The secret to a tender center
Just before baking, pour the cream over the proofed rolls, taking care to get in all the gaps. This step is optional but HIGHLY recommended. The cream makes the rolls so perfectly tender in the middle, and gives an extra richness in flavor! You can also use plant based milk or cream for this step.
Baking and serving
Bake for 20-25 minutes, until the buns are lightly golden on the tops. If you prefer your buns extra gooey, you can aim for under-baking, though the cream makes them very tender.
Making the frosting is simple: just beat all the frosting ingredients using a hand held mixer or stand mixer until creamy and smooth. I recommend using cream cheese that comes in a brick form and has full fat. The brick form gives a better texture and taste than the tub kind.
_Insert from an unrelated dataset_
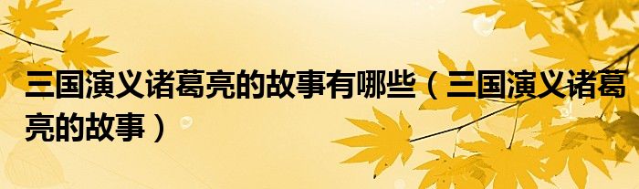 关于三国演义诸葛亮的故事有哪些,三国演义诸葛亮的故事这个很多人还不知道,今天菲菲来为大家解答以上的问题,现在让我们一起来看看吧!
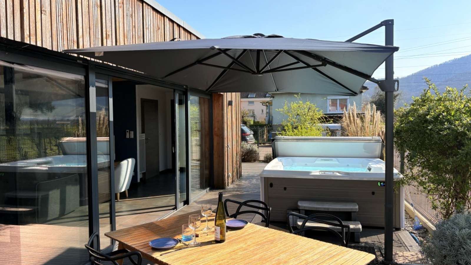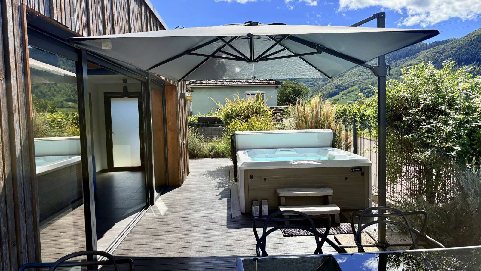 Profitez d’une belle terrasse, d’un jacuzzi privatif, de deux chambres doubles confortables, de la climatisation, d’un parking privé et de tout l’équipement nécessaire pour un séjour sans souci.

The buns are ready when they’re golden on the tops, but not too dark. Allow the raspberry jam rolls to cool for 10 minutes before frosting, topping with fresh raspberries, and serving.
How to store these rolls
These raspberry jam rolls are best eaten same day, but keep well, and can be stored in an airtight container in the fridge for 3-5 days (if they last that long!) Warm them up for 30 seconds in the microwave before enjoying.
I hope you give these raspberry jam rolls a try! Be sure to tag me on instagram so I can see your bakes, and leave me a comment below! Your feedback helps other bakers who are giving this recipe a try, and I love hearing about your bakes!
April 15, 2023 at 9:38 am
Hello! You don’t mention how much butter is added to the dough, or I might just be missing it somewhere ?
April 15, 2023 at 9:43 am
Great catch, Nikki! I’ve just updated the recipe, but its 24g of room temperature butter, or about 2 tablespoons.